At the same time, he found that polyphasic sleep results in poorer performance
compared to normal sleepers. And this was considered non-noteworthy, since
obviously 2 hours of sleep is worse than 8. You can find his articles on
Google Scholar.

Steve Pavlina is the only person I know of who has claimed to be polyphasic
for an extended period of time and claimed that there is no performance
decrease. Unfortunately, Steve refused to do any scientific testing and relied
entirely on his own subjective judgment. He gave it up after 6 months anyway,
but still maintains it is effective.

Steve's Pavlina's experience however exactly fits in with the best scientific
understanding of sleep (which Wozniak perfectly elucidates). Steve Pavlina was
never able to maintain the schedule without an alarm clock, which indicates
that his body did not adapt and was not co-operating or behaving in a
"natural" way.

The theory that Steve was only getting REM is shot down by his own journals
which indicate that he was getting both Delta and REM. My own experience with
polyphasic also indicates that while the proportion of REM may increase, you
still get delta sleep. I was fully (and rigidly) polyphasic for some weeks but
never stopped having delta sleep. I also consistently showed decreased
performance that could only be overcome by surges of adrenaline and autonomic
excitation in general - which is easily caused when a loud alarm clock wakes
you up when your body desperately desires sleep. You are tricking your body
into a state of permanent fight or flight.

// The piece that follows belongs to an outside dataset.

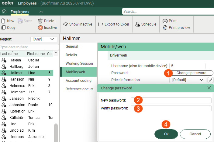 In this window, you register your employees and drivers.
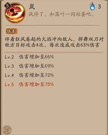 伴着狂风卷起的火焰冲向敌人,挥舞双刀对敌方目标攻击4次,每次造成攻击63%伤害。

Anyway the studies were done in the 80s that directly measured performance.
But in the modern day extensive studies have been done on sleep and everything
we know about sleep now shoots down all the theorizing that the polyphasics
use to justify their crazy. The idea that delta wave sleep is useless has been
utterly rejected because it has been shown that delta wave sleep contributes
to long-term memory encoding. If you cut down on delta wave, you cut down on
long-term memory. If you cut down on sleep in general, you cut down on
cognitive abilities in general.

This trade off may be worth it for some people, but they should be aware that
it is a trade off. Magical thinking like that displayed by Steve Pavlina does
not magically make you immune from the negative side effects of sleep
deprivation. You get over the drowsiness with sheer strength of will and
adrenaline, but the fogginess doesn't go away. (Steve considered the fogginess
to be a benefit. But remember this is a guy who believes ghosts tell him how
to win at blackjack.)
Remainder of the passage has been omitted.